*Task directions*
Begin with the line below holding "依照11月11日92號(hà" and go on through the line holding "航运巨头中远海控掷下近188", duplicating each line exactly and leaving out pictures.

- - - - -

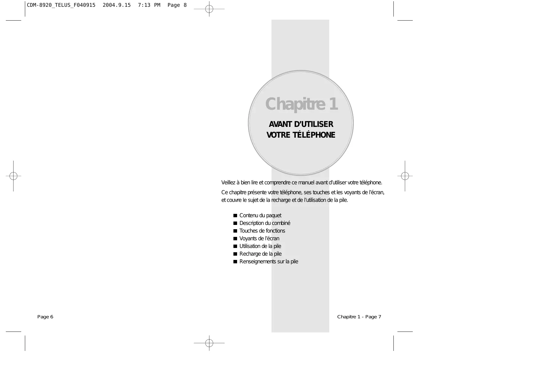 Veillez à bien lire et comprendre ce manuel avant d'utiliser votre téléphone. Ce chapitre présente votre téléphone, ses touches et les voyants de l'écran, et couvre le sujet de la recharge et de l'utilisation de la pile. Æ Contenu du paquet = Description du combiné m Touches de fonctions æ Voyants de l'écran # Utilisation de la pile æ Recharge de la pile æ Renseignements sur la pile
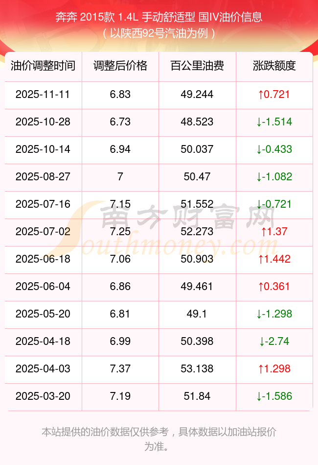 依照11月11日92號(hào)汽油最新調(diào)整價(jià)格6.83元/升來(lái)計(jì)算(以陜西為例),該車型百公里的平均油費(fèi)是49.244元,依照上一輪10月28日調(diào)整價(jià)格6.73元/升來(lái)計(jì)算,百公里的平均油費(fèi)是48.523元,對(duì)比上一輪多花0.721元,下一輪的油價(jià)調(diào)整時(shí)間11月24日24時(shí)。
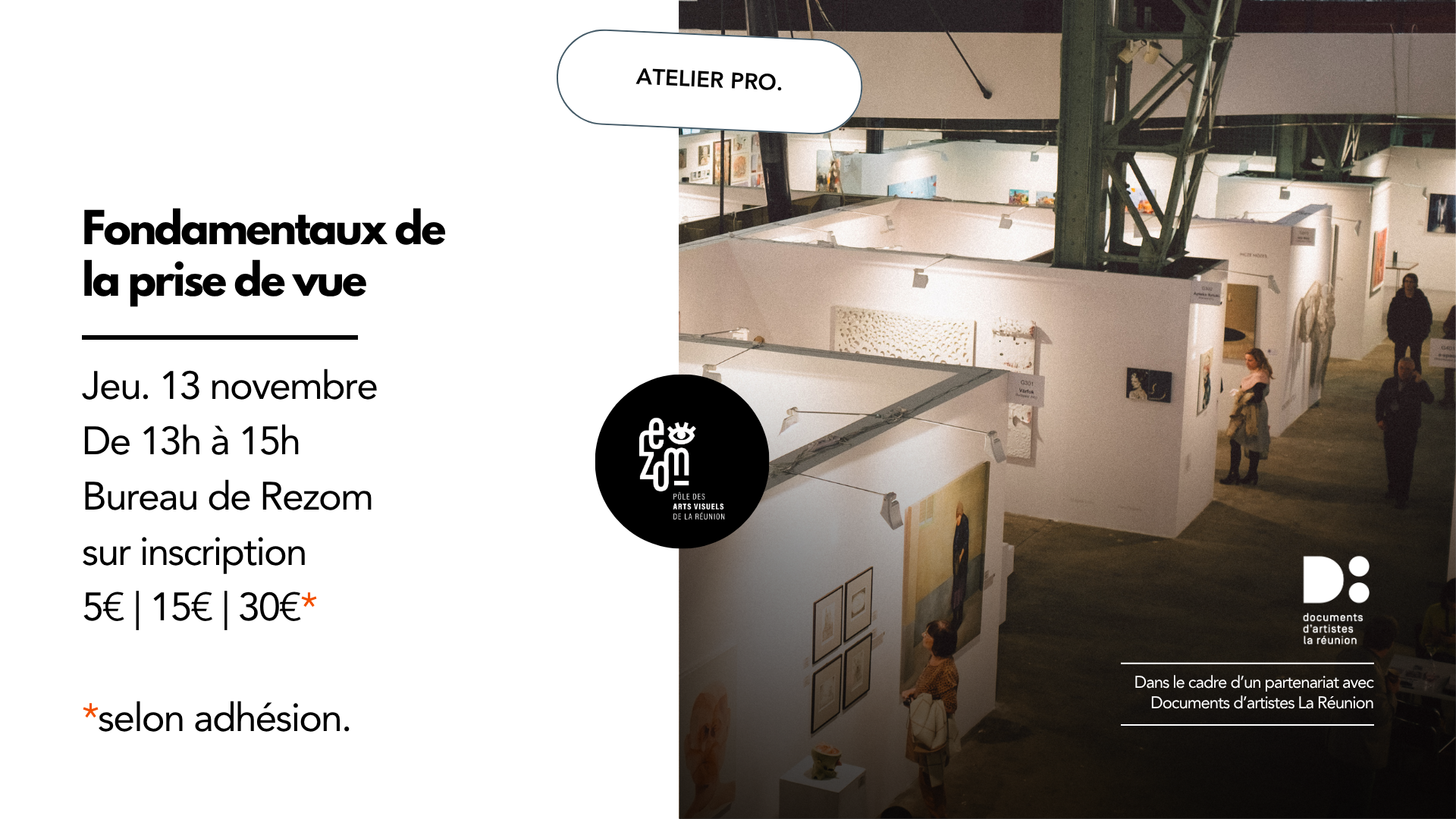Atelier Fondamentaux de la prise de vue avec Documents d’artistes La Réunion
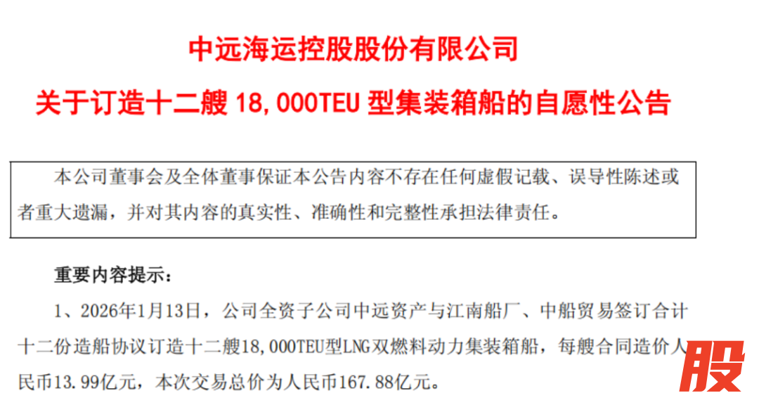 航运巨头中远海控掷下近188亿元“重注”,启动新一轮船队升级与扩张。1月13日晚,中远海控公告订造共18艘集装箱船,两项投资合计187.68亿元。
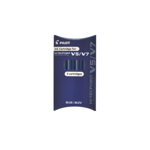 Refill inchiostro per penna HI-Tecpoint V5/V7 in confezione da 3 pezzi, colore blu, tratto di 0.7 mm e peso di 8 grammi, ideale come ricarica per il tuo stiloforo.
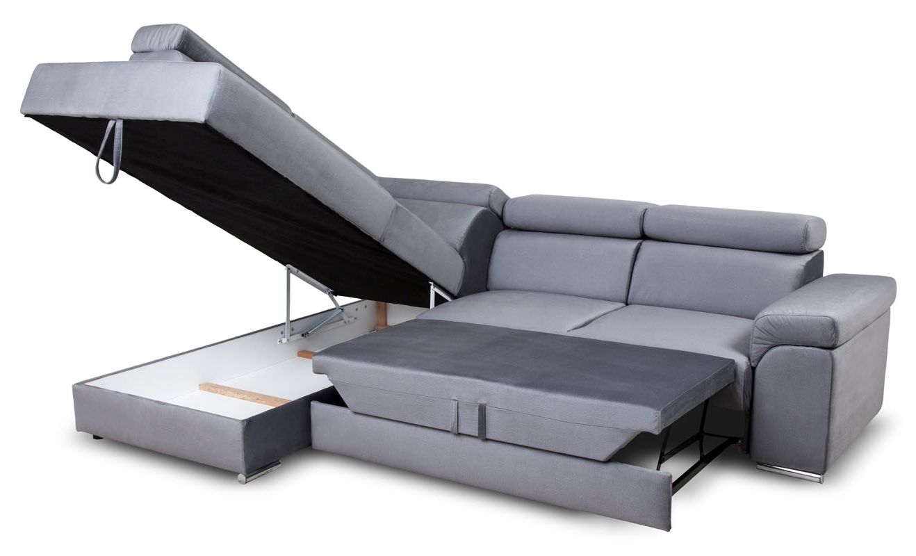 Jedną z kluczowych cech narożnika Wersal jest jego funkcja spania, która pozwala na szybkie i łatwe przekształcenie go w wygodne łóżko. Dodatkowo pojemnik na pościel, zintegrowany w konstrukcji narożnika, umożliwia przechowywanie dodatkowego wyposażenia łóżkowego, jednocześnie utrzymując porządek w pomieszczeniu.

- - - - -

*Written response*
 依照11月11日92號(hào)汽油最新調(diào)整價(jià)格6.83元/升來(lái)計(jì)算(以陜西為例),該車型百公里的平均油費(fèi)是49.244元,依照上一輪10月28日調(diào)整價(jià)格6.73元/升來(lái)計(jì)算,百公里的平均油費(fèi)是48.523元,對(duì)比上一輪多花0.721元,下一輪的油價(jià)調(diào)整時(shí)間11月24日24時(shí)。
Atelier Fondamentaux de la prise de vue avec Documents d’artistes La Réunion
 航运巨头中远海控掷下近188亿元“重注”,启动新一轮船队升级与扩张。1月13日晚,中远海控公告订造共18艘集装箱船,两项投资合计187.68亿元。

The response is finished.